End-to-end localized deep learning for Cryo-ET

Official repo for CryoLithe (paper)

CryoLithe is a supervised machine learning method to directly reconstruct the tomogram from aligned cryo-ET tilt series. The methods is trained on real measurements using FBP+cryo-CARE+IsoNet reconstructions as the reference. The network exploits the imaging geometry to extract small patches from the tilt series to recover the volume. Thus it is practically robust to various data distirbutions. The method provides FBP+cryo-CARE+IsoNet type of reconstructions in a fraction of the time.

Updates

• 18.04.2025:
  • New models that can recover the volume from arbitrary number of tilt series.
  • Update the pytorch version to 2.6.0 (the code was tested with 2.6.0)
  • Update the README file to include the new models and the new requirements.
  • Multi-GPU infernence is now supported.
• 05.08.2025
  • Added support to reconstruct a list of volumes from a single yaml file.
  • Added a new script super-list.py to run the model on a list of projections.
• 05.09.2025
  • Added new trained models that were trained on a larger dataset.

Installation

Download the repository using the command:

git clone git@github.com:swing-research/CryoLithe.git

Create a new conda environment using the command:

conda create -n CryoLithe python=3.9

Activate the environment using the command:

conda activate CryoLithe

Install PyTorch 2.6 (or a compatible version). The code was tested with PyTorch 2.6

pip3 install torch torchvision torchaudio

Install the required packages using the command:

pip install -r requirements.txt

Downloading the trained models

The models are stored in switchdrive and can be downloaded using the provided download.sh script:

bash download.sh

This will download the trained models and place them in the trained_models directory. It should contain the following files:

• checkpoint.pth - the trained model
• config.json - the configuration file used to train the model contains the model architecture and hyperparameters

Currently, we provide two models:

• 'cryolithe_pixel' - trained to recover the volume one pixel at a time
• 'cryolithe_21' - trained to recover the wavelet coefficients of the volume. Uses patches of size 21x21 from the projections.
• 'cryolithe_11' - trained to recover the wavelet coefficients of the volume. Uses patches of size 11x11 from the projections. The model is a bit faster but the reconstructions are slightly worse than the 21x21 model.

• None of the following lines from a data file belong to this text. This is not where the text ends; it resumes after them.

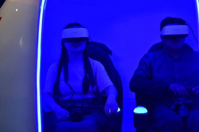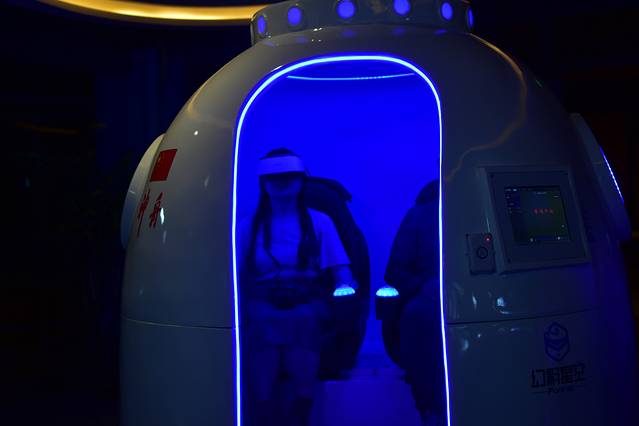 蔚蓝星空科技馆,这是我比较喜欢的地方,我太喜欢VR游戏了,这里就有神舟一号太空舱,和其他几款VR体验设备,我就玩了一个真实过山车,坐在鸡蛋形的舱里面,虽然实际起伏不大,但在我眼睛看到的画面,我已经是上天入海,几分钟的时间真是晕的不得了,虽然有点害怕,但是还是想玩,而且我还想把各种各样的VR游戏都体验一下,比如越野车、穿隧道、大摆锤,大摆锤之前也玩过,真的很像真实的大摆锤,如果手边没有支撑的话,会翻到地上的,因为人眼看到的东西,身体会不自觉的调整平衡,还有在海底世界看到鲨鱼会大呼小叫,哈哈哈,我真喜欢这些游戏,因为感觉real 真实了。
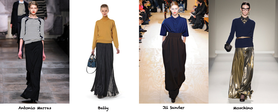 Jil Sander met the trend with a strange but appealing origami shape and a high waist. And though that boxy collard shirt is very now, it would probably be more wearable paired with something simpler.
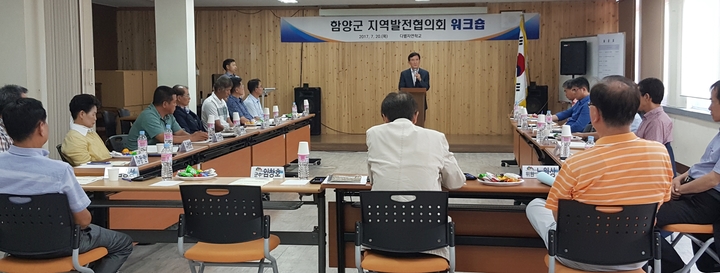 임창호 함양군수와 지역발전협의회 회원 등 20여명이 참석한 가운데 열린 이날 워크숍은 정책역량강화를 위한 농촌개발과 발전방향에 대한 과제발표, 정책 제안 등으로 진행됐다.
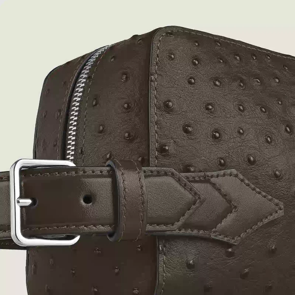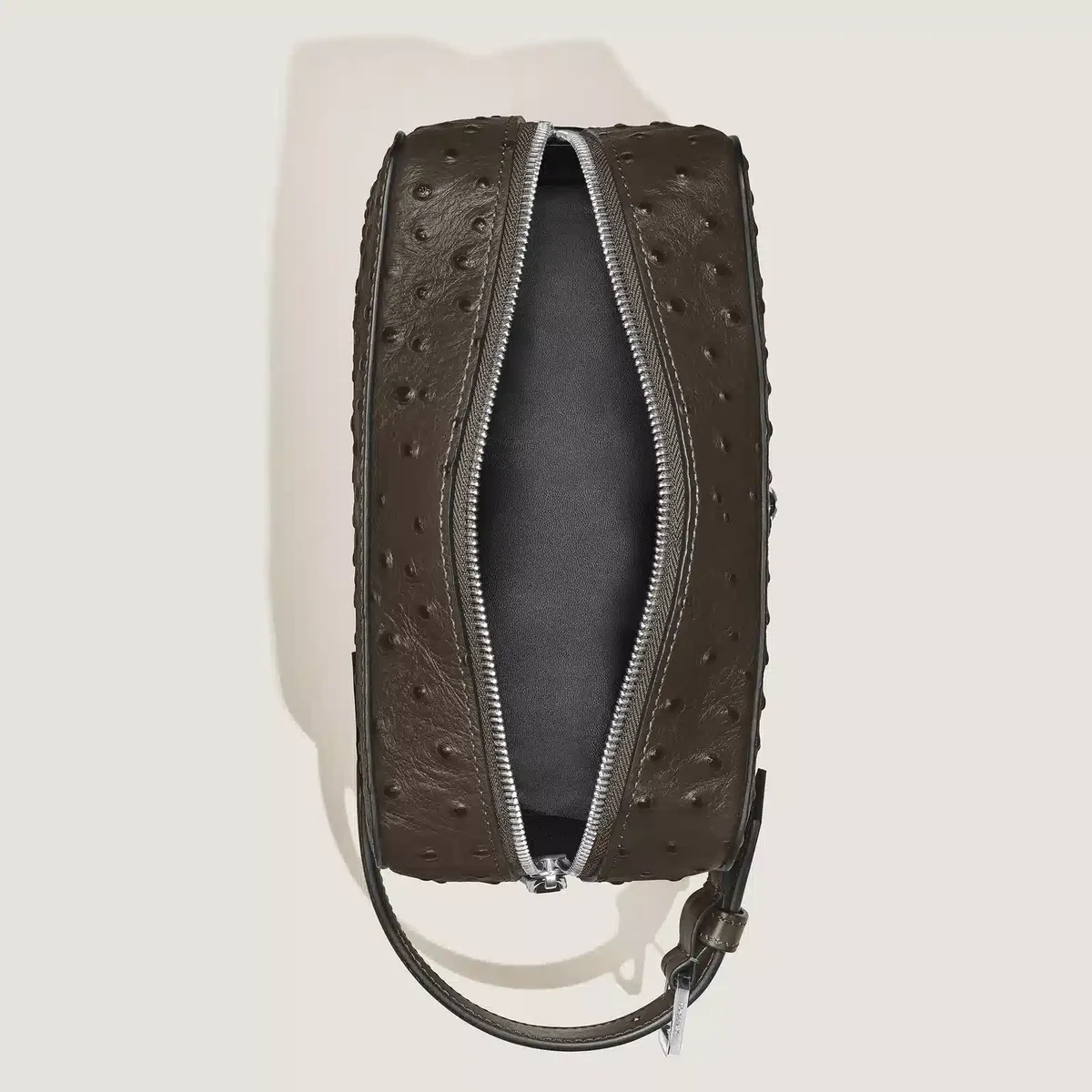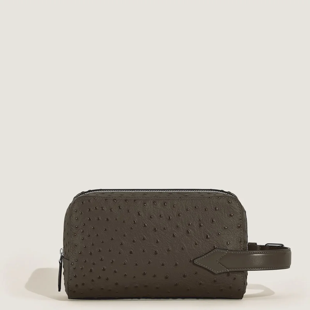 With the art of writing at its core, the new clutch bag is crafted from stylish khaki ostrich-embossed leather. Corner details bring a distinctive and refined touch to its design. Perfectly sized for daily essentials, it features a main compartment with an open pocket and a detachable wrist strap, combining elegance with versatile functionality.
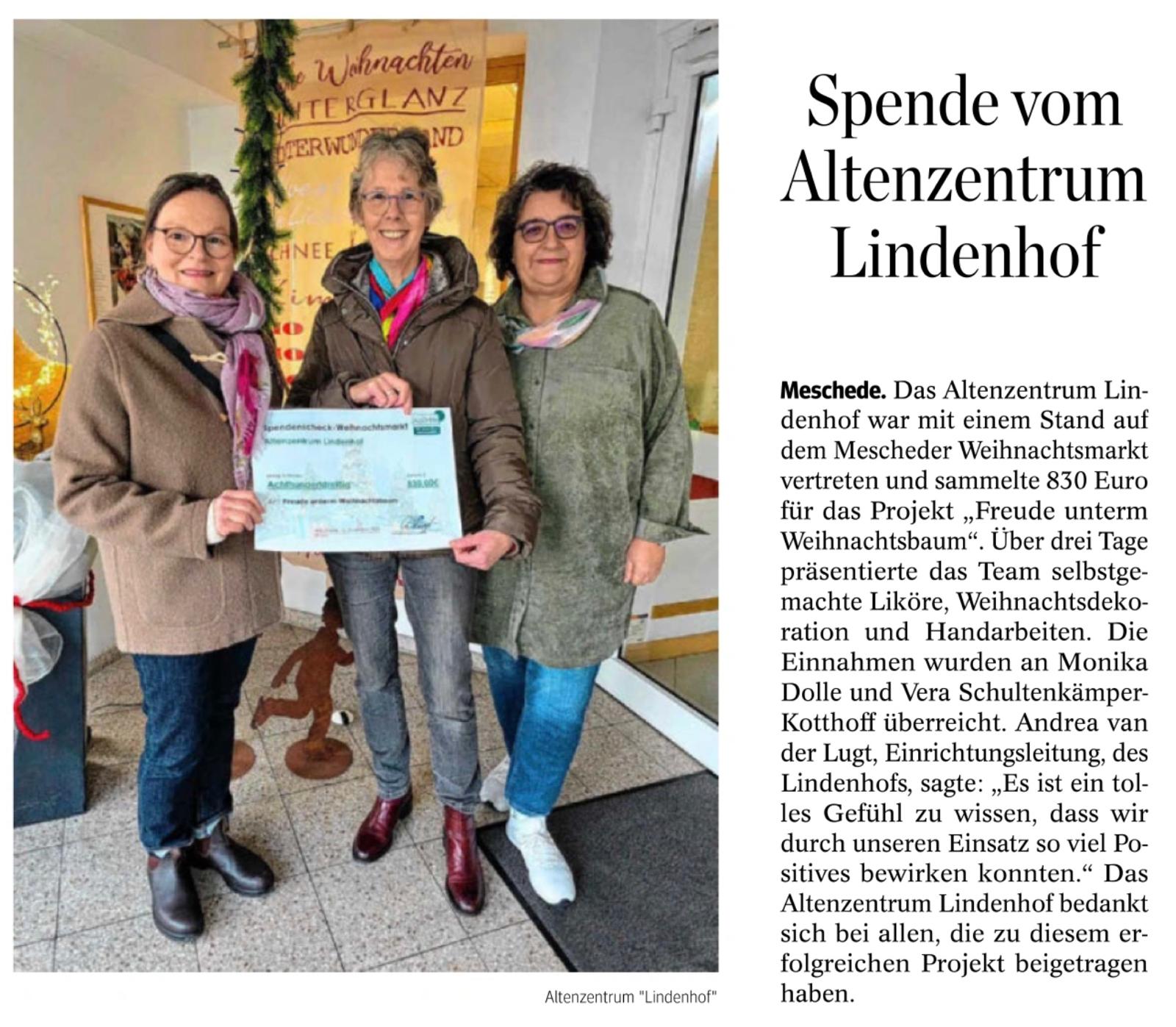 Wir freuen wir uns, die stolze Summe von 830€ an das Projekt „Freude unterm Weihnachtsbaum“ übergeben zu können! Die Einnahmen trugen dazu bei, diese erfreuliche Summe zu erreichen. Im Rahmen der Aktion konnte die Spende offiziell an Monika Dolle und Vera Schultenkämper-Kotthoff überreicht werden.
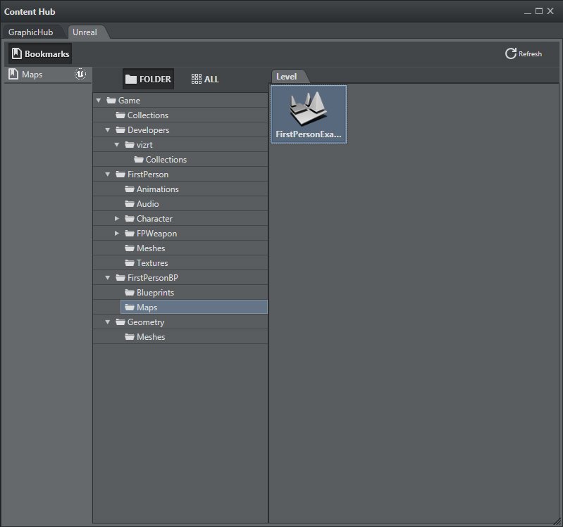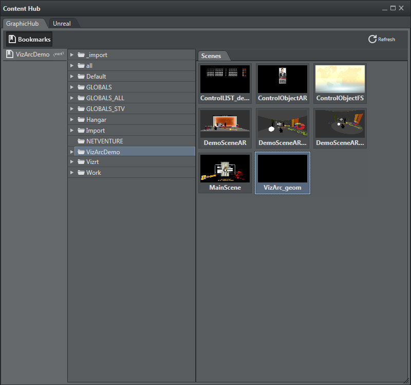 This opens the Content Hub window, where you can choose between Vizrt GH scenes or Unreal levels:
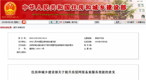 房訊網訊 日前,住房和城鄉建設部發布關于提升房屋網簽備案服務效能的意見,推進房地產領域“放管服”改革,提高房屋交易管理服務效能,向各類房地產市場主體提供規范化、標準化、便捷化的服務。
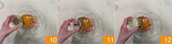 Season with garam masala 10, chopped hot chili 11, and the garlic and ginger paste 12.
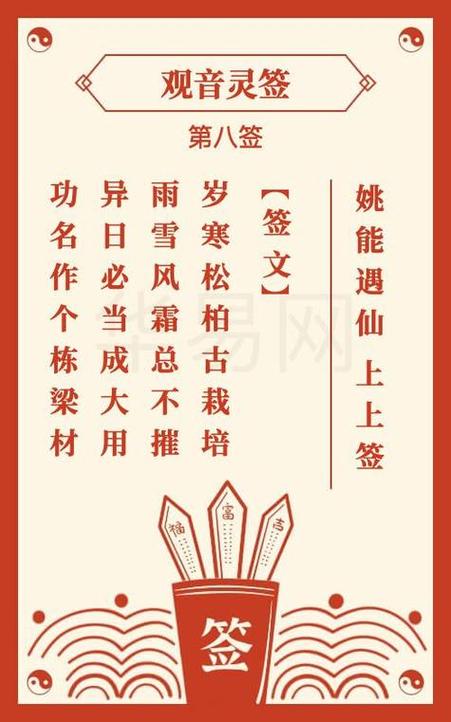 觀音靈簽八簽的簽文雖然看似簡(jiǎn)單,但寓意深刻。它告訴人們,人生難免會(huì)遇到困難和挫折,但只要能夠堅(jiān)持不懈,努力克服,終將迎來(lái)轉(zhuǎn)機(jī)。
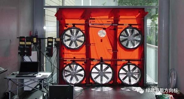 用一套鼓风设备在门口安装,通过抽风和鼓风来实现室内外一定的压差,计算房屋整体的气密性。我们给大家科普的不是外国人怎么怎么采用材料来做到被动房的严密性,而是他们在建筑整体气密性检测这一环节的严谨性。
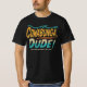 Uma design de camiseta divertida e atraente com a frase Cowabunga, cara! em um vibrante esquema multicolorido.
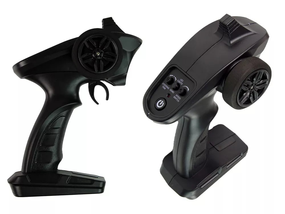Rinkinį taip pat sudaro specialus nuotolinio valdymo pultas, kurio dėka galime sklandžiai valdyti žaislą pirmyn, atgal ir į šonus, užtikrinant visišką kiekvieno judesio kontrolę. Taip pat galite suaktyvinti žavų autopiloto variantą, kuris leis jums kurį laiką atsikvėpti. Paskutinis mygtukas skirtas greičiui nustatyti. Trumpas vidurinio mygtuko paspaudimas atgaivins žaislą dėl apšvietimo, kuris suteikia vizualinį efektą jo fenomenaliai išvaizdai. Jo matmenys yra: 8 cm x 19,5 cm x 6 cm, todėl jis puikiai telpa rankoje, suteikdamas jums visišką kontrolę jį naudojant.
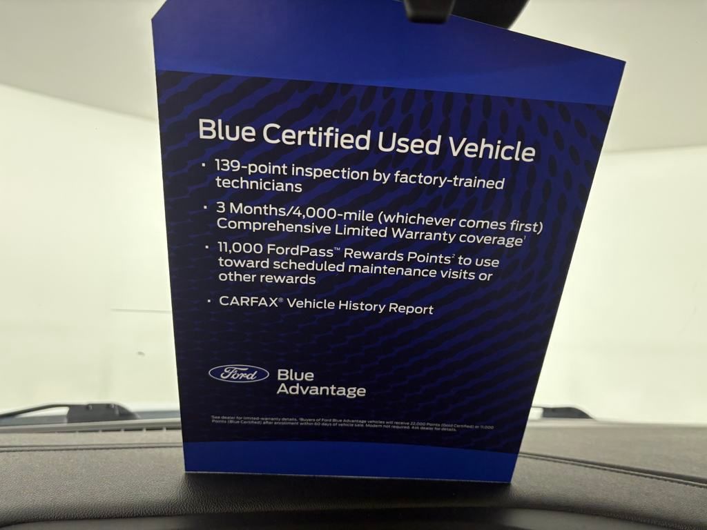 Ford Blue Certified includes:139 point vehicle inspection performed by an ASE Certified technician 3-month/4,000-mile Comprehensive Limited Warranty coverage that is fully competitive with other online retailers Blue Certification includes 11,000 FordPass Rewards Points For other manufacturers not listed above, Comprehensive Coverage is provided for 3 months or 4,000 miles, whichever comes first, from the signature date of the Ford Blue Advantage â" Blue Certified purchase. Comprehensive Limited Warran
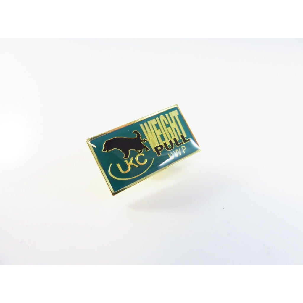 UKC Weight Pull UWP Award Pin Gold Tone Rectangle Lapel Hat Pin 1" Teal Green Black

Note: The wavelet model is 8x faster than the sliceset model. However, the reconstruction looks sligthly low resolution compared to the sliceset model

Running the model

We are actively working on extending the model to support arbitrary tilt series, which will be released in an upcoming update.

The script 'super.py' is used to run the trained model on any new projection of choice. The script requires a configuration file that contains the necessary information to run the model. The configuration file is a yaml file that contains the following fields:

• 'model_dir' - path to the directory containing the trained model
• 'proj_file' - path to the projection file
• 'angle_file' - path to the angles file
• 'save_dir' - path to the directory where the output will be saved
• 'save_name' - name of the output volume
• 'device' - device to run the model on (cpu or cuda)
• 'downsample_projections' - Whether to downsample the projections or not
• 'downsample_factor' - factor by which to downsample the volume
• 'anti_alias' - whether to apply anti-aliasing to the projections or not
• 'N3' - The size of the volume along the z-axis
• 'batch_size' - batch size to use when running the model

The script can be run using the following command:

python3 super.py --config <path_to_config_file>

A sample yaml file is provided as 'ribo80.yaml' which contains the necessary information to run the model on the ribosome dataset.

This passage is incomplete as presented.